Reginald St. Johnston
Sir Thomas Reginald St. Johnston KCMG (8 June 1881 – 29 August 1950) was a British colonial administrator, physician, author and British Army officer.
St. Johnston was the son of Edward Cocks Johnston. He was educated at Cheltenham College and the University of Birmingham, before studying law at Middle Temple and medicine at Westminster Hospital. He became a Member of the Royal College of Surgeons and a Licentiate of the Royal College of Physicians. He worked briefly for the Local Government Board in 1906 before joining the Colonial Service the following year.
Between 1907 and 1917 he worked in various administrative roles in Fiji, before being seconded for service in the First World War and attached to the War Office as a Royal Army Medical Corps officer.[1] In 1919 he was posted to the Falkland Islands as colonial secretary. St.
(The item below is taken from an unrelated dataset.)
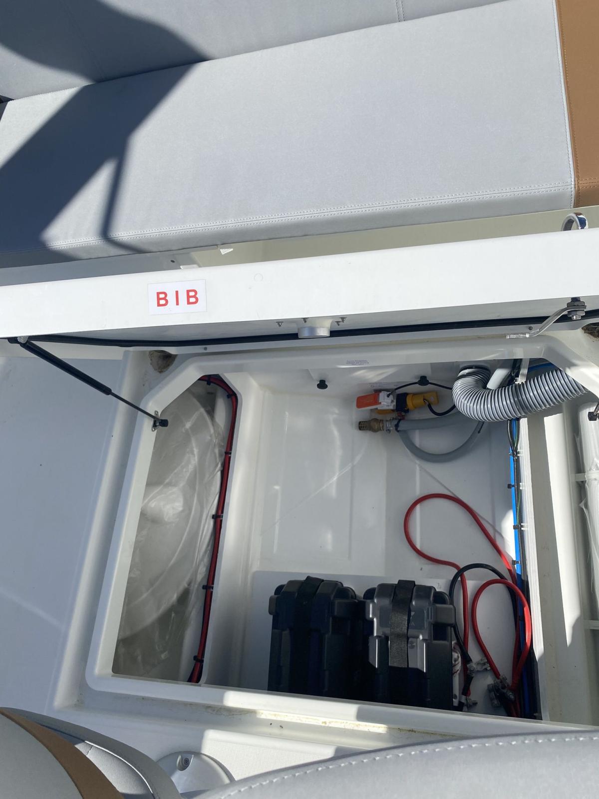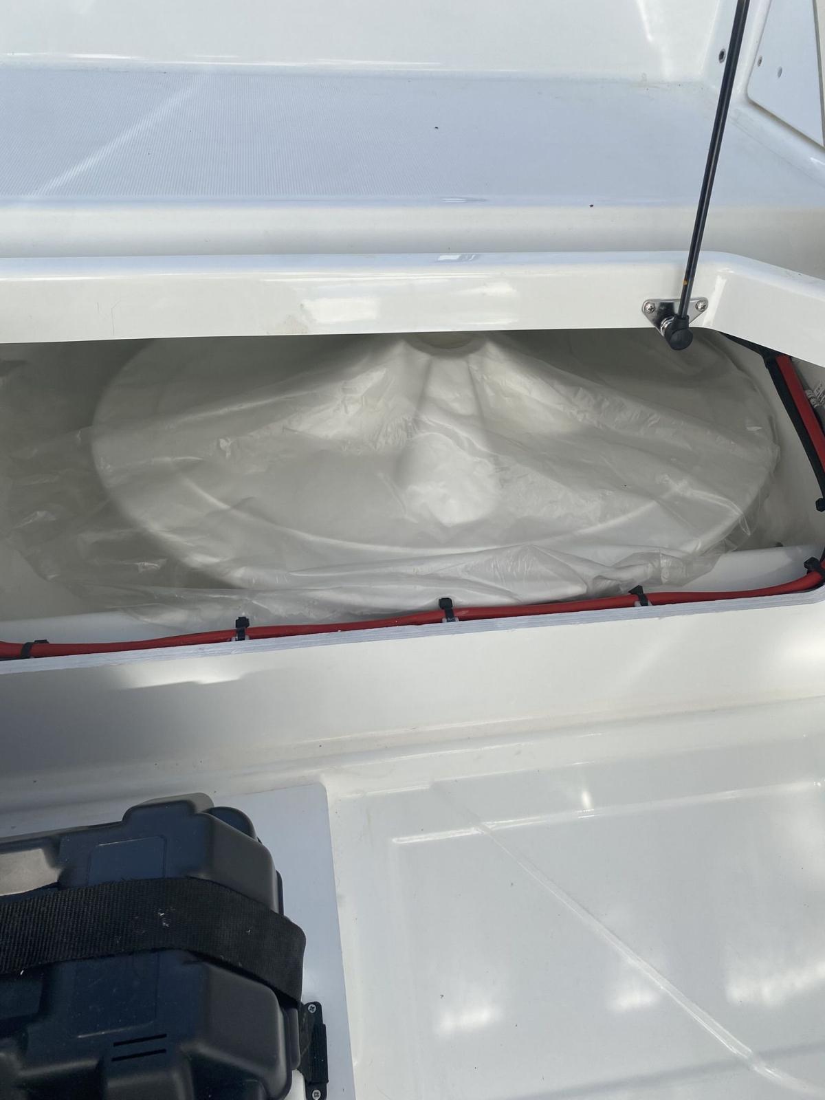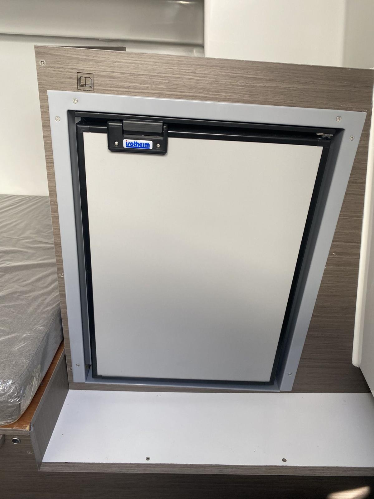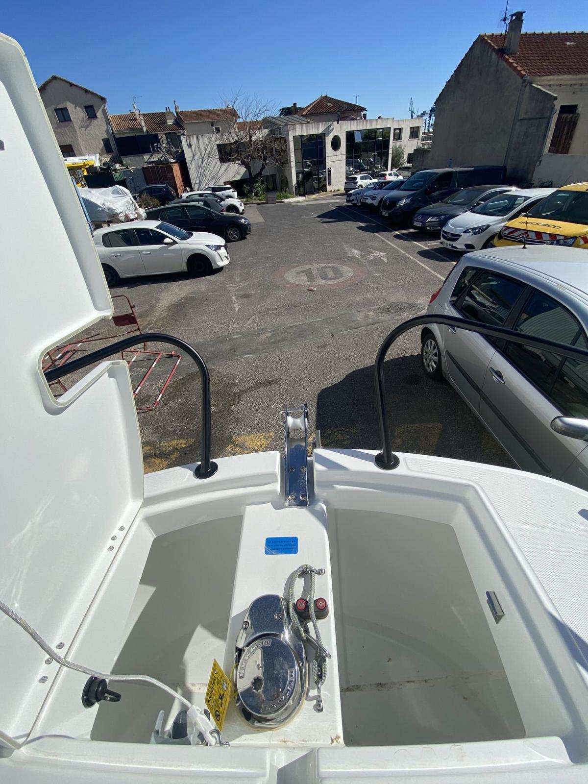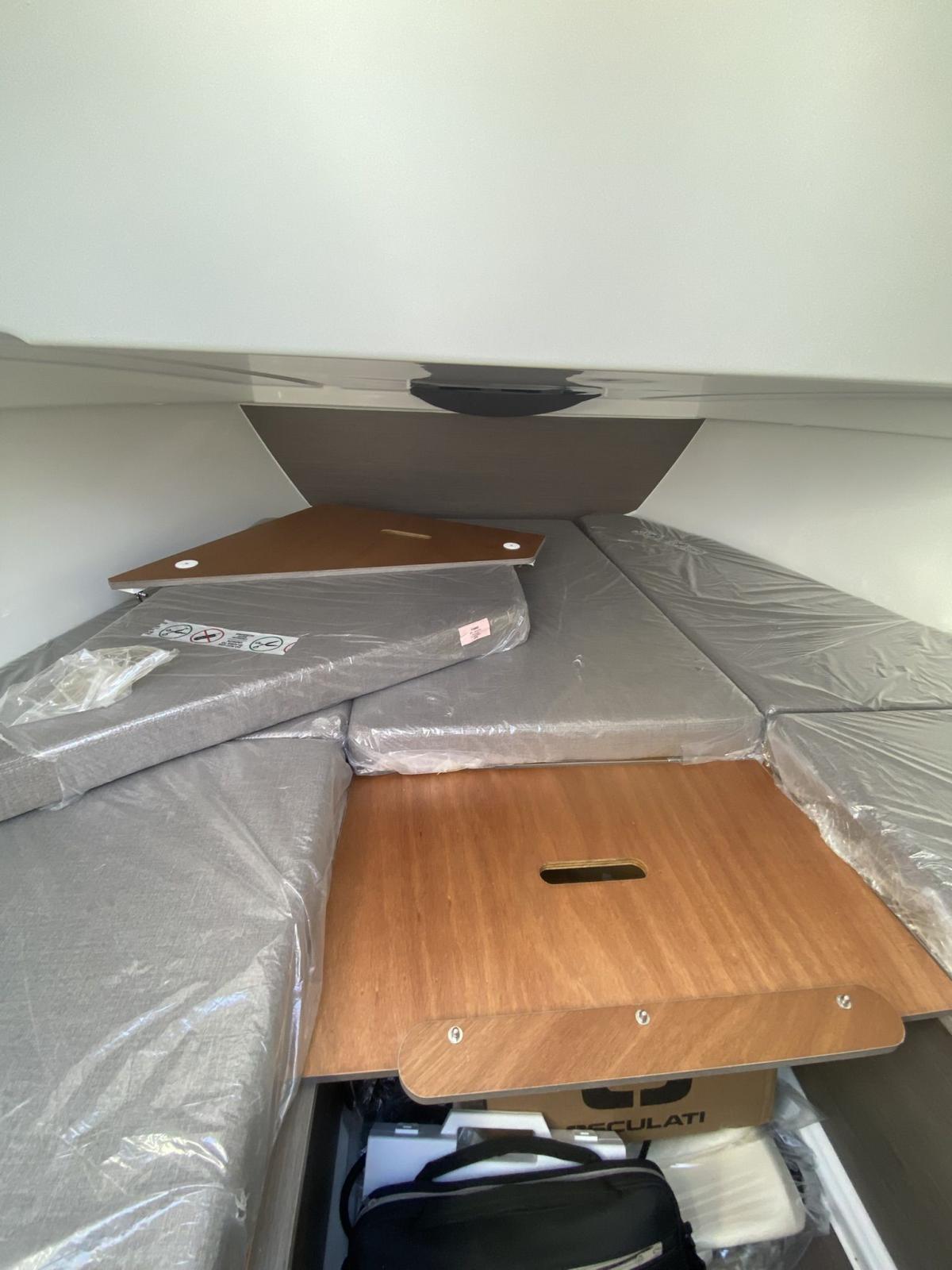 Il offre à l’avant un large bain de soleil sous lequel se trouve une cabine équipée d’une couchette-double et des rangements.

Johnston was then colonial secretary in the Leeward Islands from 1920 to 1925, and was posted to Dominica, Antigua and Saint Kitts and Nevis between 1925 and 1929.[2] He was governor of the Leeward Islands from 1929 until his retirement in 1936.[3] He was made a Knight Commander of the Order of St Michael and St George in the 1931 Birthday Honours.[4] During the Second World War he returned to military duties and joined the Ministry of Supply in 1942.
In 1906 he married Alice Lethbridge. St. Johnston was the author of sixteen books.
References
- "No. 30231". The London Gazette (Supplement). 14 August 1917. p. 8297.
- "No. 33049". The London Gazette. 22 May 1925. p. 3444.
- "No. 33520". The London Gazette. 26 July 1929. p. 4926.
- "No. 33722". The London Gazette (Supplement). 2 June 1931. p. 3627.